**How to complete this task:**
Write out exactly the lines of the entries below from the one holding "Na vrhu svake" to the one holding "A striped knit", inclusive, and leave out all other lines.

**Extracted data:**
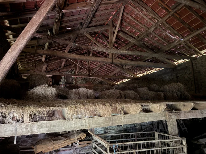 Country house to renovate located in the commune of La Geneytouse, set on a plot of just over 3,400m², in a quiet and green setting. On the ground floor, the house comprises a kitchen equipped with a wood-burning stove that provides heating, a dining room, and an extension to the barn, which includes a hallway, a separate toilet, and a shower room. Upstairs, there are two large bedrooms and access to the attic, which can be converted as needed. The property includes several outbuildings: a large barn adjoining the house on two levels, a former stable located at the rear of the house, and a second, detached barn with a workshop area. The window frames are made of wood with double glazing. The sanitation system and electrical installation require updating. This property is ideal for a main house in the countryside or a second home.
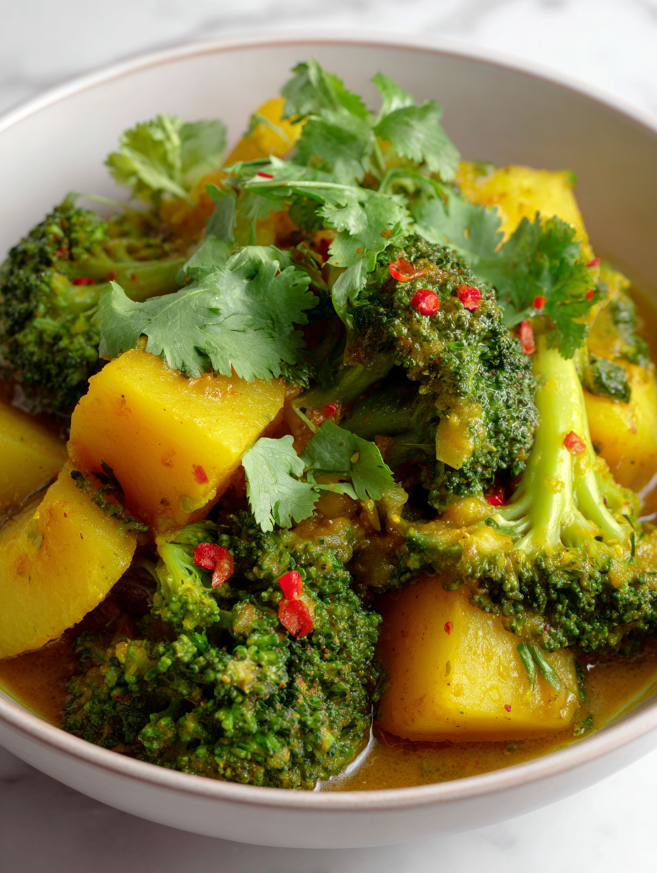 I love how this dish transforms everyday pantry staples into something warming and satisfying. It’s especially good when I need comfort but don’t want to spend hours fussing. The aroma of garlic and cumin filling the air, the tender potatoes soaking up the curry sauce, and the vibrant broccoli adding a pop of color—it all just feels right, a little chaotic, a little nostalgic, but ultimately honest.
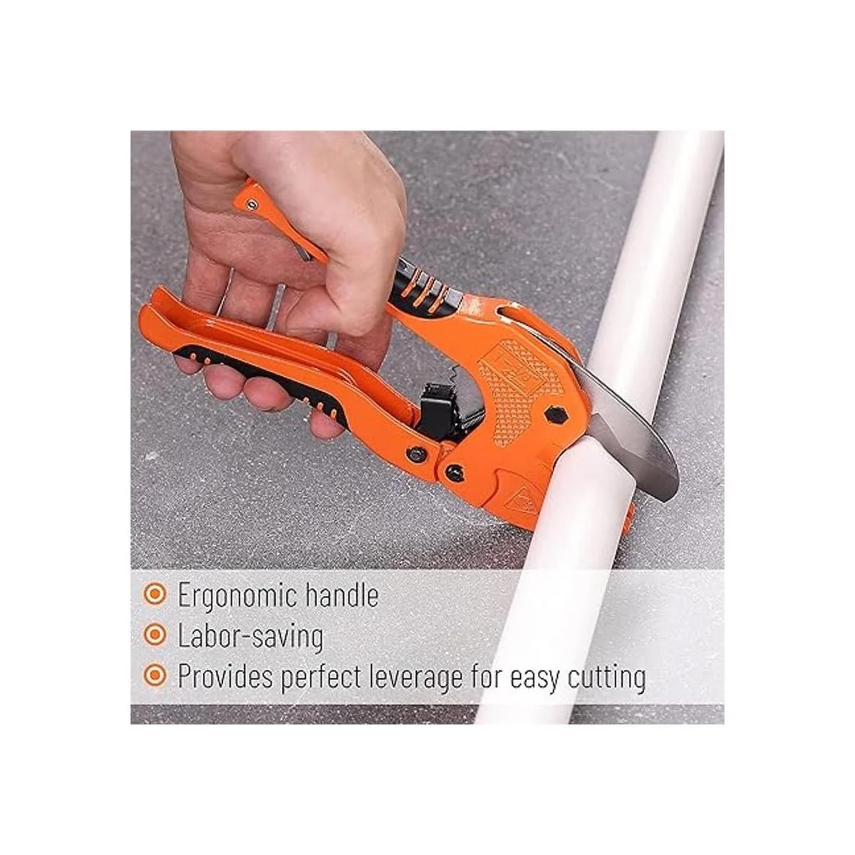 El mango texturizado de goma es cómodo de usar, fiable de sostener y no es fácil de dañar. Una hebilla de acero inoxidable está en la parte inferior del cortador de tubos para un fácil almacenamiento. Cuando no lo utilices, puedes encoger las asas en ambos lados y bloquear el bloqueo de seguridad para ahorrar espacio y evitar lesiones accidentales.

==

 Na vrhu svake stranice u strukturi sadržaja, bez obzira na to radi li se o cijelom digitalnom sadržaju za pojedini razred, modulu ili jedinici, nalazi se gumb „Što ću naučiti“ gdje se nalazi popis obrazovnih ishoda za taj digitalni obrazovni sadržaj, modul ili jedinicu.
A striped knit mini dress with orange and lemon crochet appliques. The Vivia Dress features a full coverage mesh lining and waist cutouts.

**Output of the exercise:**
 Na vrhu svake stranice u strukturi sadržaja, bez obzira na to radi li se o cijelom digitalnom sadržaju za pojedini razred, modulu ili jedinici, nalazi se gumb „Što ću naučiti“ gdje se nalazi popis obrazovnih ishoda za taj digitalni obrazovni sadržaj, modul ili jedinicu.
A striped knit mini dress with orange and lemon crochet appliques. The Vivia Dress features a full coverage mesh lining and waist cutouts.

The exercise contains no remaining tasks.